─── Information supplied

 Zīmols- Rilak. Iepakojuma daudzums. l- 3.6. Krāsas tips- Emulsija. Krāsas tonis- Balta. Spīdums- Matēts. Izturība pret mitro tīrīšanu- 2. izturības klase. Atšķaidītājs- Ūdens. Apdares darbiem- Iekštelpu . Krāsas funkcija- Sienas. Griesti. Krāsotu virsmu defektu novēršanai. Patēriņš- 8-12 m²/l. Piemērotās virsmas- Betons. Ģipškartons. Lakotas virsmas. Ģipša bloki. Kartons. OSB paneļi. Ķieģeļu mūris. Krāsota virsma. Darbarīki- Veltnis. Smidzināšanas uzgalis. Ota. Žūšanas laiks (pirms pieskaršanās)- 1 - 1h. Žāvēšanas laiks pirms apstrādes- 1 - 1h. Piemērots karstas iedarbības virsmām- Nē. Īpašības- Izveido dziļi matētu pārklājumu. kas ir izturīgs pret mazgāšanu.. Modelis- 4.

──────
─── Information supplied

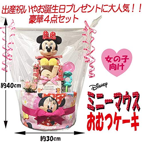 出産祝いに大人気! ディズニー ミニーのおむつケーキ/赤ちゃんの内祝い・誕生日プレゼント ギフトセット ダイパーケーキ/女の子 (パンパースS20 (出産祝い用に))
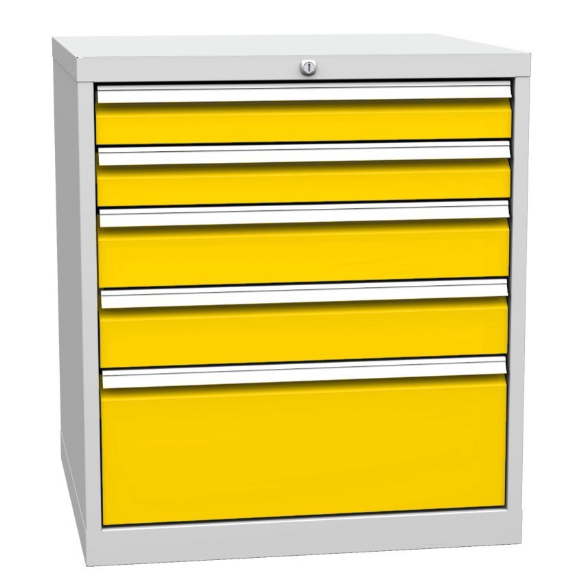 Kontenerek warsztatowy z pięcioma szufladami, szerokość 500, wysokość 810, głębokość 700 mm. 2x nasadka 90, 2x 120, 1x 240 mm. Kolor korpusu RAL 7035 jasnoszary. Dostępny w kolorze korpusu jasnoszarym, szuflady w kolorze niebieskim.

──────

# Exercise goal:
Using the entries above, extract exactly the lines from the one that contains "出産祝いに大人気! ディズニー ミニーのおむつケーキ/赤ちゃんの内祝い・誕生日プレゼント" through the one that contains "Kontenerek warsztatowy z". Do not carry over any pictures.

# Exercise response:
 出産祝いに大人気! ディズニー ミニーのおむつケーキ/赤ちゃんの内祝い・誕生日プレゼント ギフトセット ダイパーケーキ/女の子 (パンパースS20 (出産祝い用に))
 Kontenerek warsztatowy z pięcioma szufladami, szerokość 500, wysokość 810, głębokość 700 mm. 2x nasadka 90, 2x 120, 1x 240 mm. Kolor korpusu RAL 7035 jasnoszary. Dostępny w kolorze korpusu jasnoszarym, szuflady w kolorze niebieskim.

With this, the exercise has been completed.